Task requirements
In the listing below, locate the line with "- Other | Details: [tenant" and the line with "據(jù)臺灣《聯(lián", then output both and everything between them exactly, minus any pictures.

+++ Exercise data

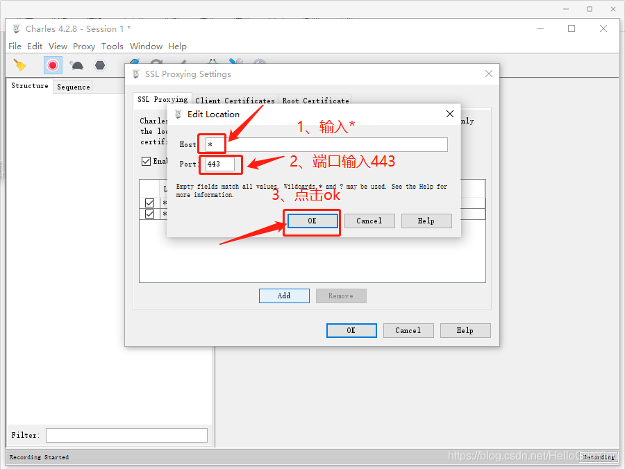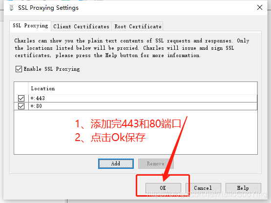 六、点击Proxy的SSL Proxying Settings选项,配置抓包的端口(常用的端口443,80等等)配置过的可以跳过此步骤!
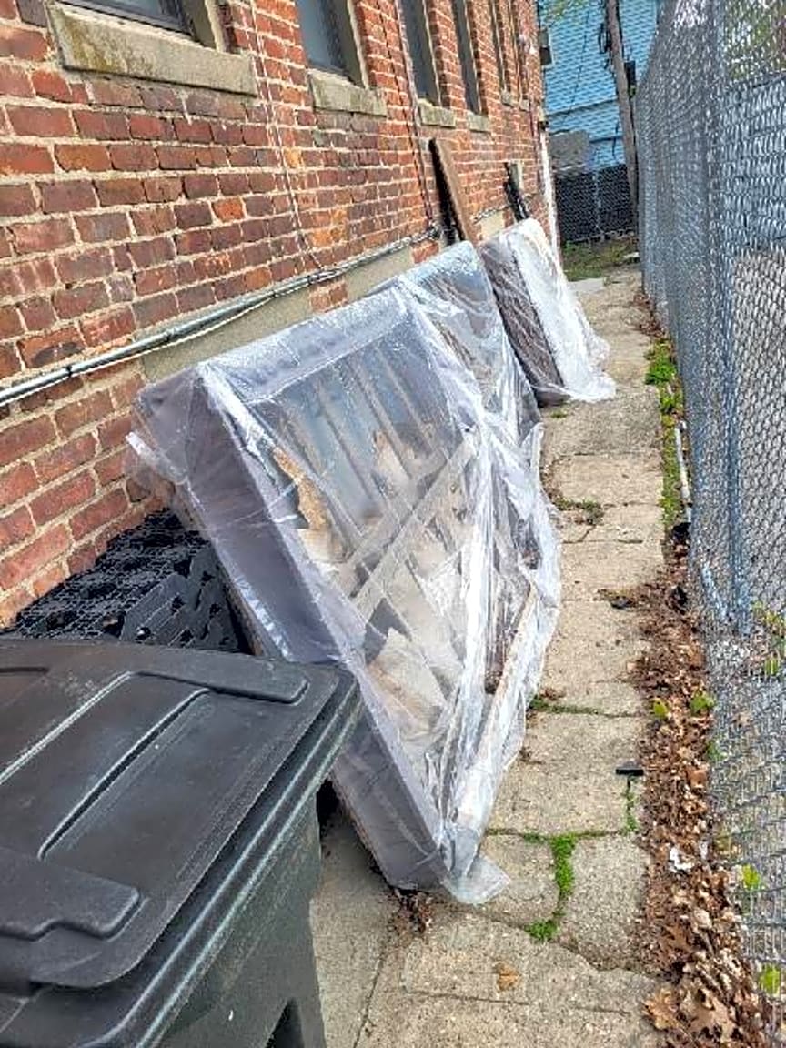 - Other | Details: [tenant moving out, has left mattresses , furniture and loose trash on side of bldg. Landlord doing nothing] Exact location: [side]
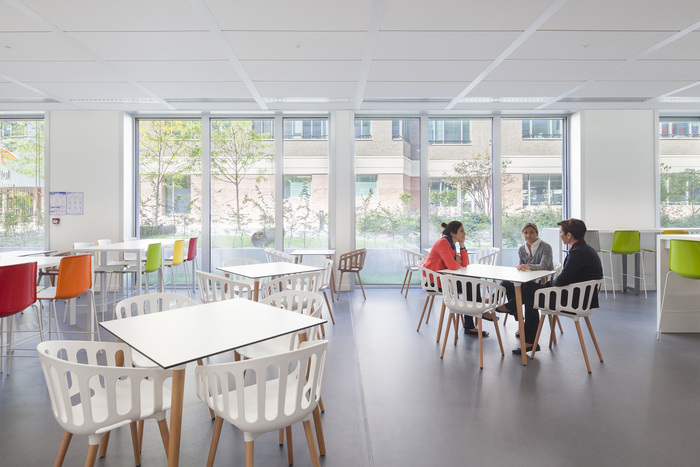 设计师帮助企业创造了一个更高效、更灵活的工作环境,以反映集团的价值观、文化和雄心,并强调协作方面。这座建筑非常明亮,有玻璃。布局有利于加热、声学和视觉舒适度,包括透明分隔和自然照明??趴占涞拇唇ㄊ俏斯睦轮涞慕涣骱托?,同时为每个人保持舒适和亲密。
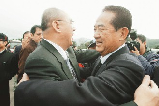 據(jù)臺灣《聯(lián)合報》報道,吳伯雄與宋楚瑜一見面即熱情擁抱,相互致意。媒體追問國親是否有合并計劃。宋楚瑜表示,國親有共同理念,“將以實際行動證明給大家看!眳遣蹌t語帶玄機地說,“請大家拭目以待!
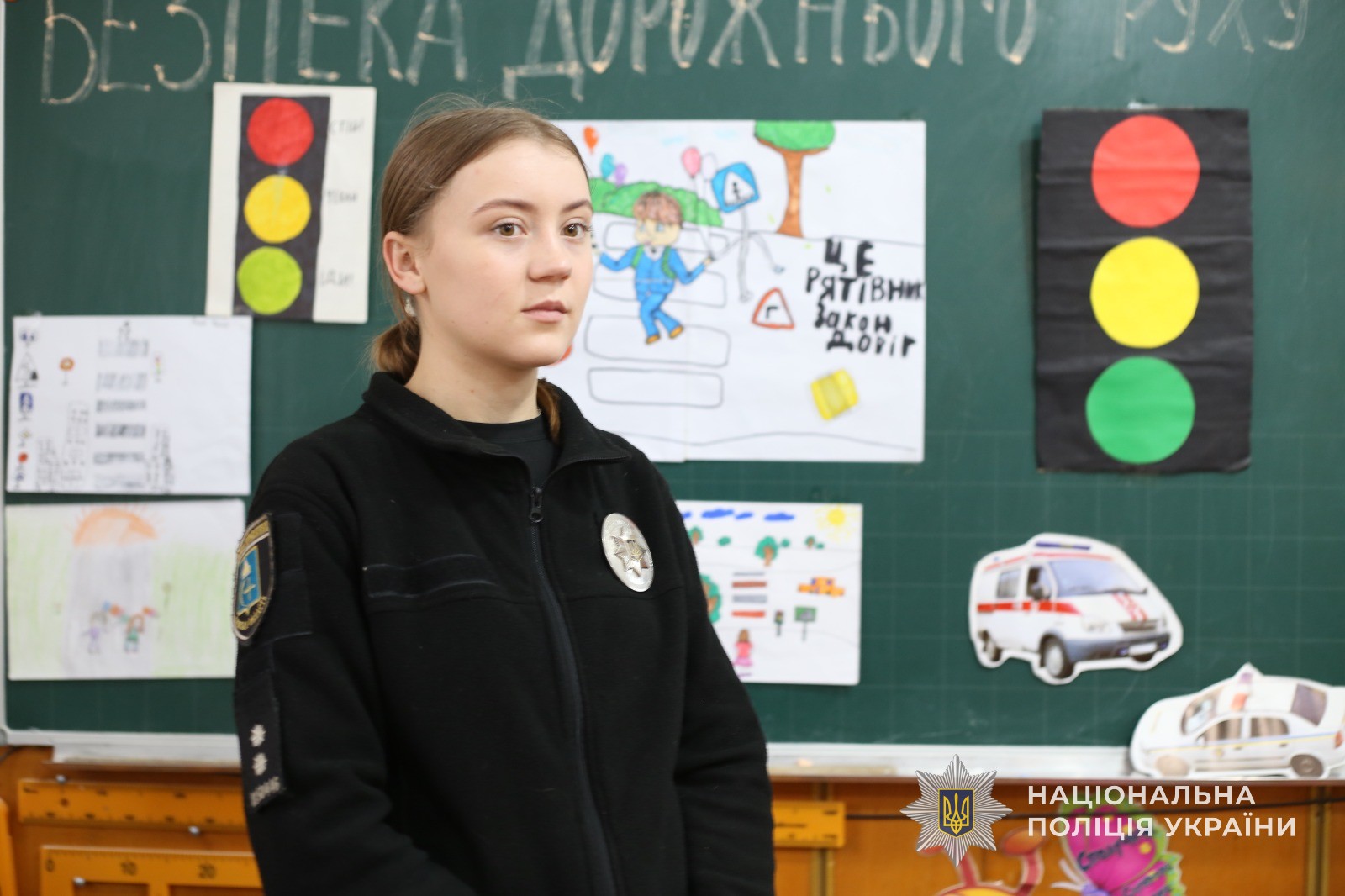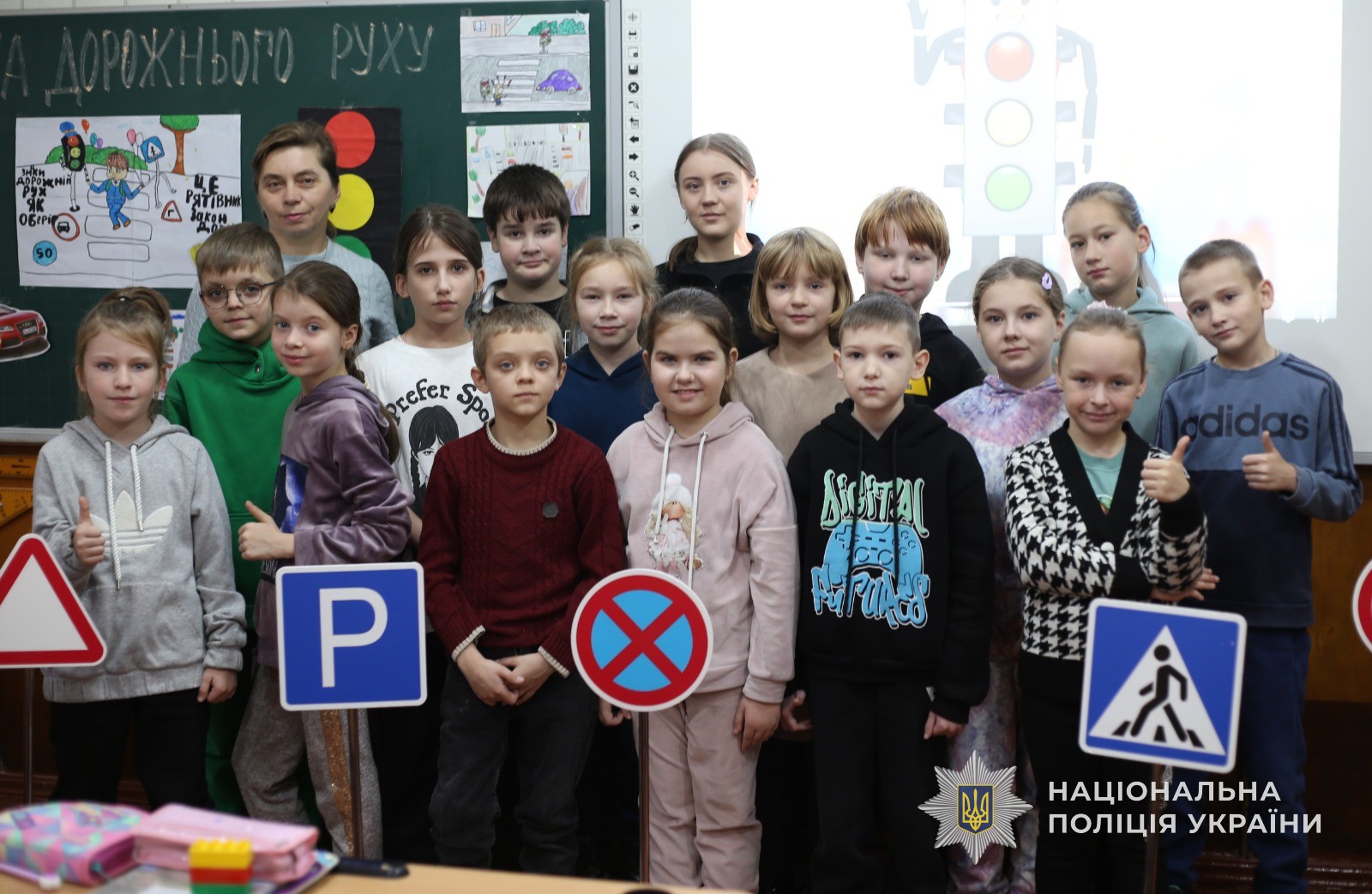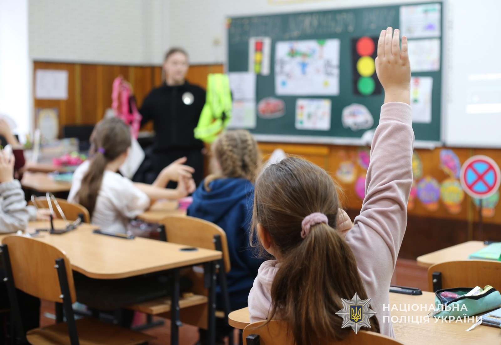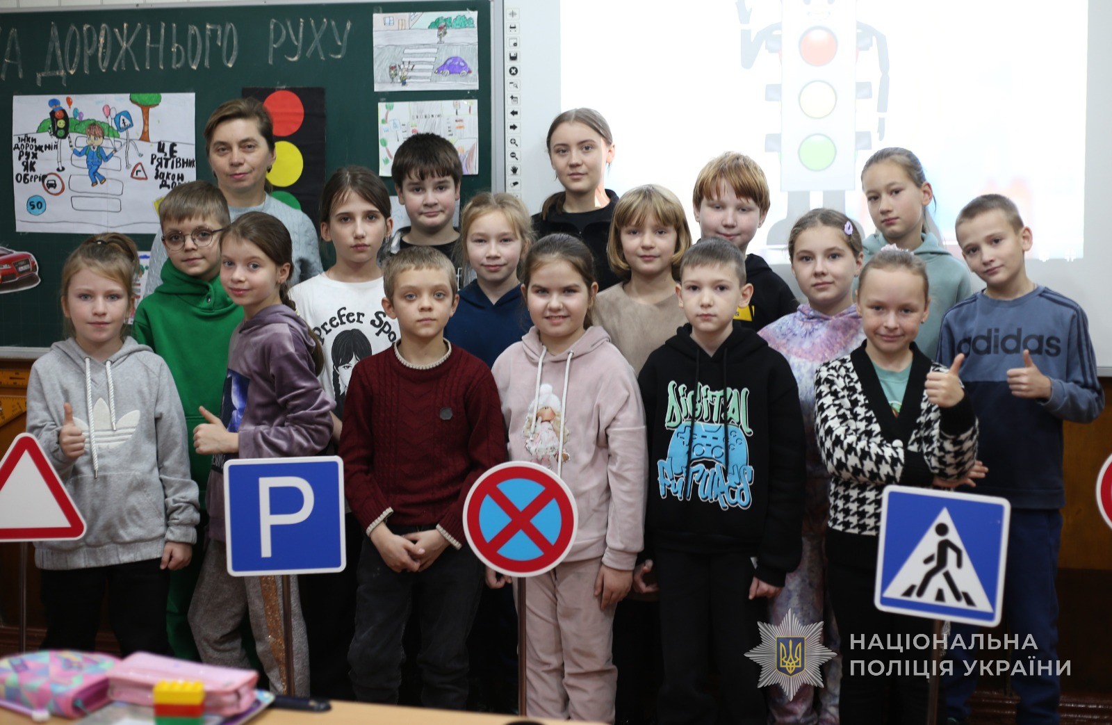 Також, інспекторка продемонструвала жилети, за допомогою яких можна себе позначити, аби стати помітними в темряві для водіїв. Далі всі бажаючи мали змогу їх приміряти. Окрім того, у формі діалогу співробітник поліції обговорила з хлопчиками та дівчатками, де та як правильно переходити дорогу та у формі гри перевірила дітей, як вони знають правила дорожнього руху. В результаті всі учні показали відмінні знання.
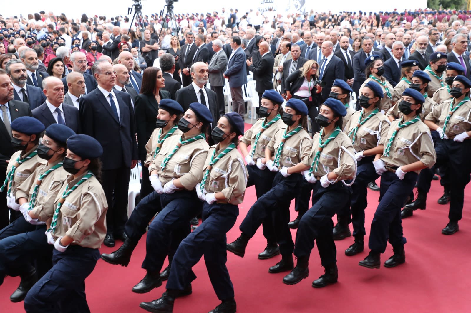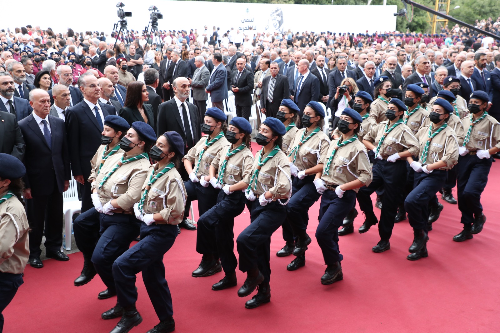 وكانت "كشافة الحرية" بدأت بمشهدية تحية لارواح شهداء "المقاومة اللبنانية" ليدخل بعدها أكثر من 100 كاهن من مختلف الرهبانيات والرعايا، وقدّمت كوادر من "القوات اللبنانية" البخور والقرابين. وتسلم جعجع مشعل "المقاومة اللبنانية" من الكشافة ووضعه على نصب الشهداء، تأكيدا على استمرارية المقاومة، وتزامنا ضرب عدد من المحازبين التحية للحكيم والشهداء ورُفعت السيوف.

++++++

Solution
 - Other | Details: [tenant moving out, has left mattresses , furniture and loose trash on side of bldg. Landlord doing nothing] Exact location: [side]
 设计师帮助企业创造了一个更高效、更灵活的工作环境,以反映集团的价值观、文化和雄心,并强调协作方面。这座建筑非常明亮,有玻璃。布局有利于加热、声学和视觉舒适度,包括透明分隔和自然照明??趴占涞拇唇ㄊ俏斯睦轮涞慕涣骱托?,同时为每个人保持舒适和亲密。
 據(jù)臺灣《聯(lián)合報》報道,吳伯雄與宋楚瑜一見面即熱情擁抱,相互致意。媒體追問國親是否有合并計劃。宋楚瑜表示,國親有共同理念,“將以實際行動證明給大家看!眳遣蹌t語帶玄機地說,“請大家拭目以待!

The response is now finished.